Когда грянули аплодисменты, Наташа взглянула на счастливое лицо Никиты и поняла — это удача! Когда их вызвали в третий раз, на сцену вышел улыбающийся помреж, неся перед собой корзину бледно-розовых крокусов, и поставил ее к ногам актрисы. Зрительный зал отозвался на это чудо восхищенными возгласами и новым обвалом аплодисментов. Утирая слезы радости, Наташа вывела из кулис смущенного Ивана. Их вызывали восемь раз, сцена была усыпана цветами.
Когда она вошла в гримерную и упала на стул, без стука ворвался Олег, показал ей оттопыренный палец и распорядился:
— Когда оденешься, крикни меня, я здесь курю. Я сам тебя накрашу, не делай ничего.
— Да ладно, не надо.
— Надо! — сделал он страшные глаза. — Потрясающий мужик. Я влюбился. Не вздумай его потерять, я тебе этого не прощу. Это судьба.
Он справился с ее макияжем за минуту, и она признала, что сама бы так не смогла. Ее лицо сияло красотой, молодостью и здоровьем, когда она выбежала к ожидавшему ее Карелу и расцеловала его.
— Спасибо тебе! Какие цветы!
— Это тебе спасибо. Я и не знал, какая ты хорошая актриса.
Это было самое приятное, что он мог ей сказать, и Наташа поблагодарила его еще раз.
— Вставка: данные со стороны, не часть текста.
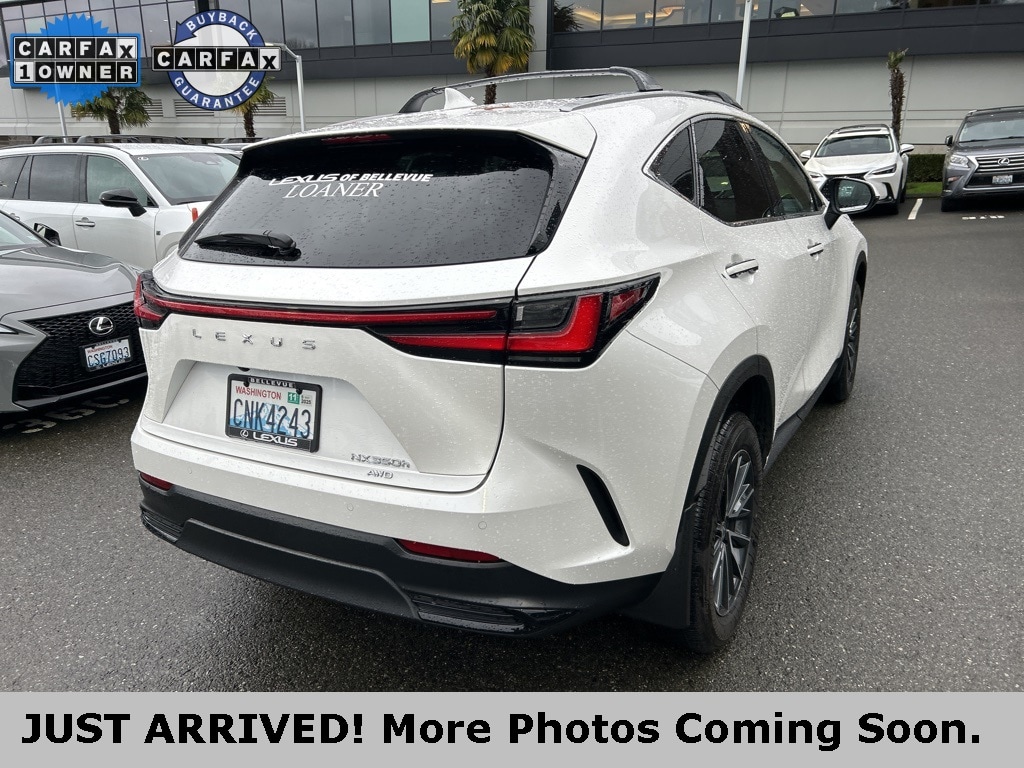 CARFAX One-Owner. Clean CARFAX. 2 YEARS OR 20K MILES MAINTENANCE INCLUDED!, ONE OWNER ON CARFAX!, LOCAL TRADE, AWD, BACK UP CAMERA, BLUETOOTH, PARKING SENSORS, Wireless Apple CarPlay(R) Integration, Wireless Android Auto(TM) Capability, Blind Spot Monitor, Lexus Safety System+ 3.0, 2.5L I4 DOHC 16V, 10 Speakers, Alloy wheels, Cold Area Package, Heated Front Bucket Seats, Heated Leather Steering Wheel w/Paddle, Leather steering wheel, Power Liftgate, Power Tilt & Slide Moonroof/Sunroof, Rain sensing wipers, Towing Package (2000 lbs), Wheels: 18 Dark Gray Met. & Machined Finish Alloy, Windshield Wiper De-Icer.2025 Lexus NX 350h Base Eminent White Pearl AWD 2.5L I4 DOHC 16V CVTCertified. L/Certified Details: * Roadside Assistance * CERTIFIED WARRANTY: Comprehensive Inspection, Unlimited-mileage warranty up to 6 years. Balance of new car warranty (4 Year/50K Miles) plus 2 Year/Unlimited-mileage L/Certified warranty. SERVICE MAINTENANCE: Complimentary Maintenance Plan covering the first four basic factory-scheduled maintenance services for 2 years or 20,000 miles * Vehicle History * Limited Warranty: 24 Month/Unlimited Mile * Warranty Deductible: $041/37 City/Highway MPGCome to www.lexusofbellevue.com To See Our Specials!! Call us at 425-455-9995 for Help with any of our departments. Enjoy a seamless, transparent luxury buying experience at Lexus of Bellevue and Lexus Plus. A dealer documentary service fee in an amount up to two hundred dollars may be added to the sale price or capitalized cost.
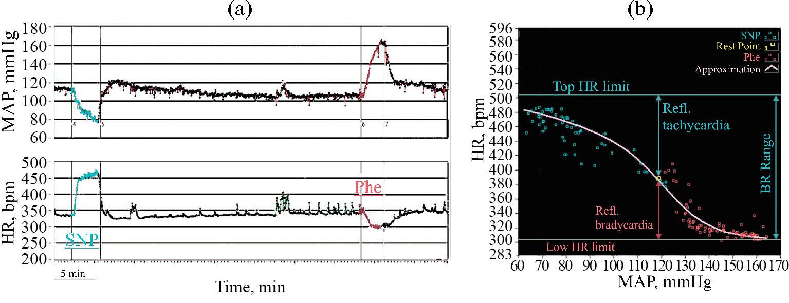 В качестве индекса чувствительности барорецепторной реакции (ИЧБРР) использовали максимальное значение производной регрессионной кривой БРР. Используя регрессионную кривую, также рассчитывали диапазон барорефлекторной реакции (АБРР) как разницу между ЧССmax и ЧССmin. Определяли ЧСС покоя как среднее значение ЧСС за 1 мин, наблюдаемое за 1 мин до введения вазоактивных соединений. Также рассчитывали величину рефлекторной тахикардии (ТКБРР) и брадикардии (БКБРР) как разность между ЧССmax или ЧССmin и ЧСС покоя.
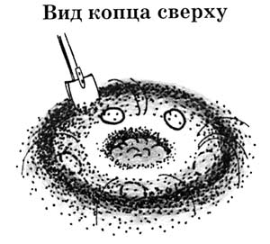 Копец – гребень или небольшой земляной вал шириной 35-40 см, который я нарезаю лопатой в виде кольца диаметром 1,5 м. Внутри кольца – углубление на 5-10 см ниже уровня земли с внешней стороны кургана. В яму диаметром 70-90 см закладываю перегной, доломитовую муку, суперфосфат и золу. А перед посадкой проливаю всё горячим раствором марганцовки темно-розового цвета, чтобы прогреть и продезинфицировать копец. Свежий навоз не кладу даже под осеннюю перекопку – с ним не избежать парши, дуплистости клубней, сорняков.
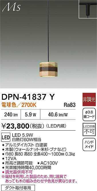 DPN-41837Y 大光電機 ペンダント (LED内蔵)
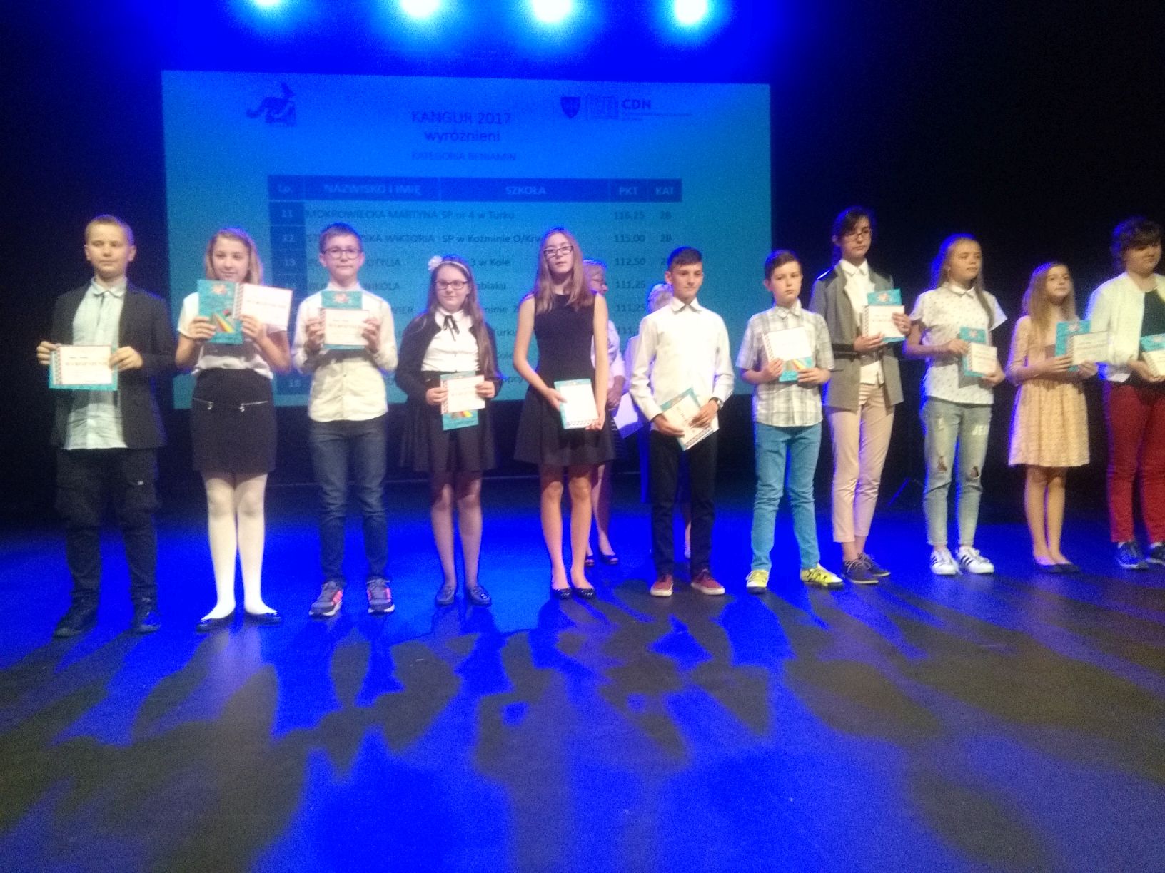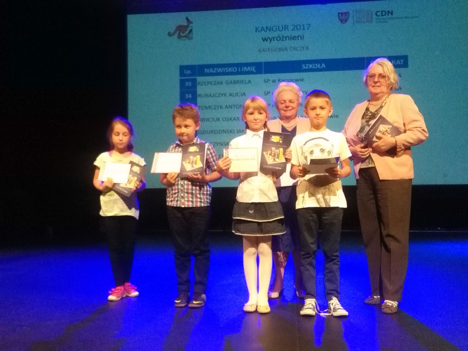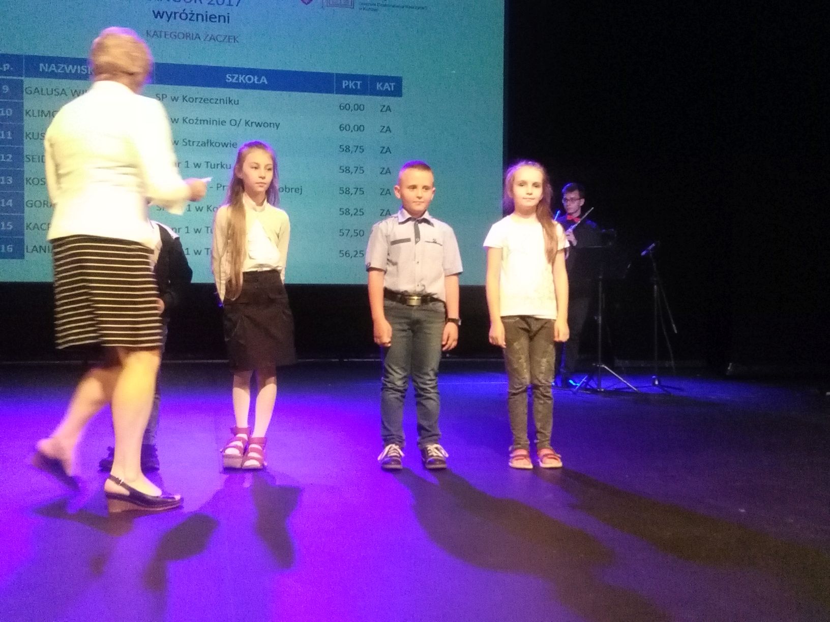 Bardzo dobry wynik otrzymała Michalina Rosiak z klasy 6, natomiast wyróżnienia otrzymali: z klas 2: Ilona Linka, Oliwier Miler, Piotr Seidel, Kornelia Kacprzak, Kacper Łania, Alicja Grabowska, Marcel Tomczak i Jakub Dziurdziński;
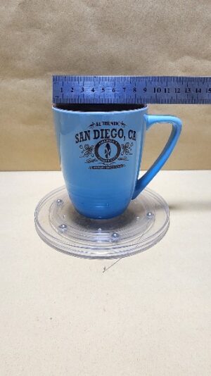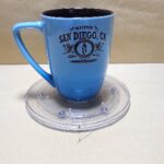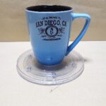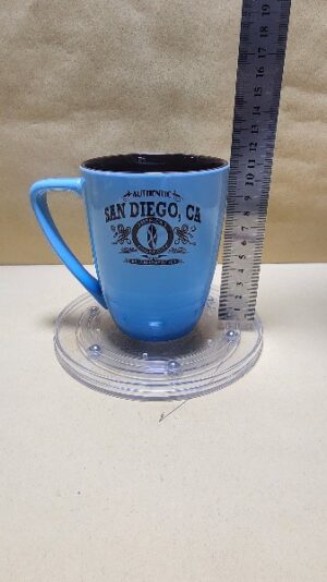 Taza Celeste Azul con fondo Negro, con impresion y texto de Sandiego California
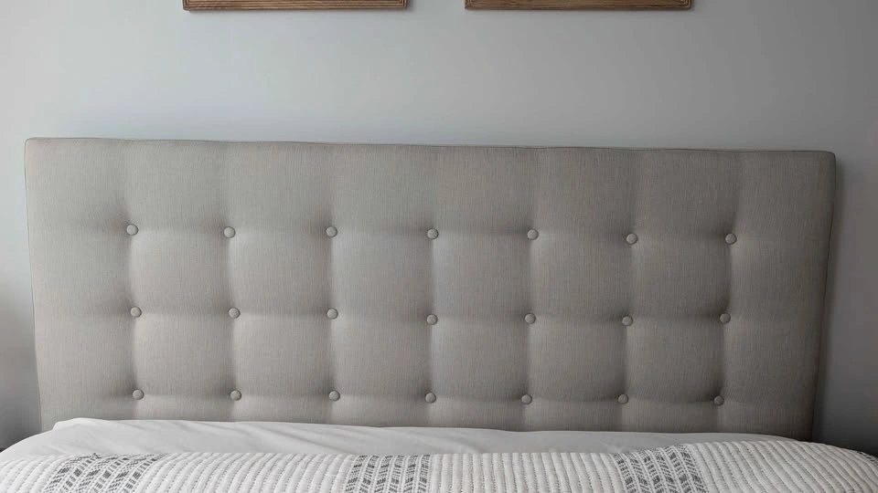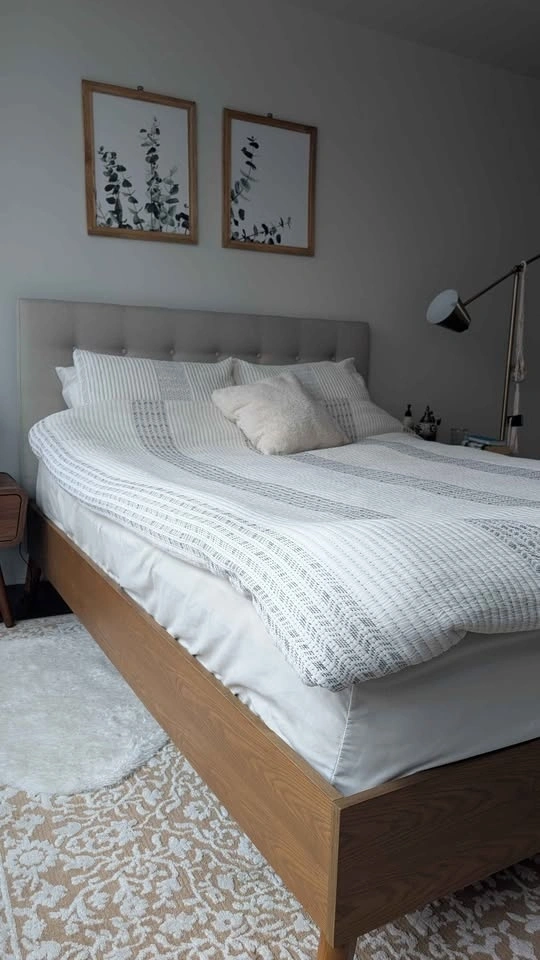 Solid Wood Queen Bedframe Upholstered Headboard + FREE queen mat

— Ты такая красивая, что в это невозможно поверить. Когда ты появилась на сцене, у меня буквально сердце остановилось, я чуть не заплакал, правда! Тебе, наверное, надо бежать на банкет?
— Да.
— Мы увидимся завтра?
— Обязательно. Ты не обиделся?
— Нет. Пока!
Сидя в буфете за празднично накрытым столом, слушая речи, Наташа вдруг соскучилась. Все было замечательно, ее хвалили. Но было понятно, что через полчаса трезвых почти не останется, начнутся междусобойчики, а от Никиты вообще не знаешь, чего ждать. Олег порхал среди гостей, эпатируя незнакомых всем своим обликом. Наташа уловила упорный взгляд, которым пожирал Олега блестевший потной лысиной чиновник из Комитета по культуре, и недовольно поморщилась. Их с Олегом дружба возникла из бесценного совета, данного им ей. Через год после того, как Наташа пришла в театр, ее одарил своим навязчивым вниманием весьма высокий чин из Министерства культуры, тогда еще СССР. Он осаждал Наташу цветами, звонками, провожал домой, и она не знала, куда деваться. Однажды, когда Наташа забежала в буфет выпить чашку чая, к ней подошел улыбающийся чиновник.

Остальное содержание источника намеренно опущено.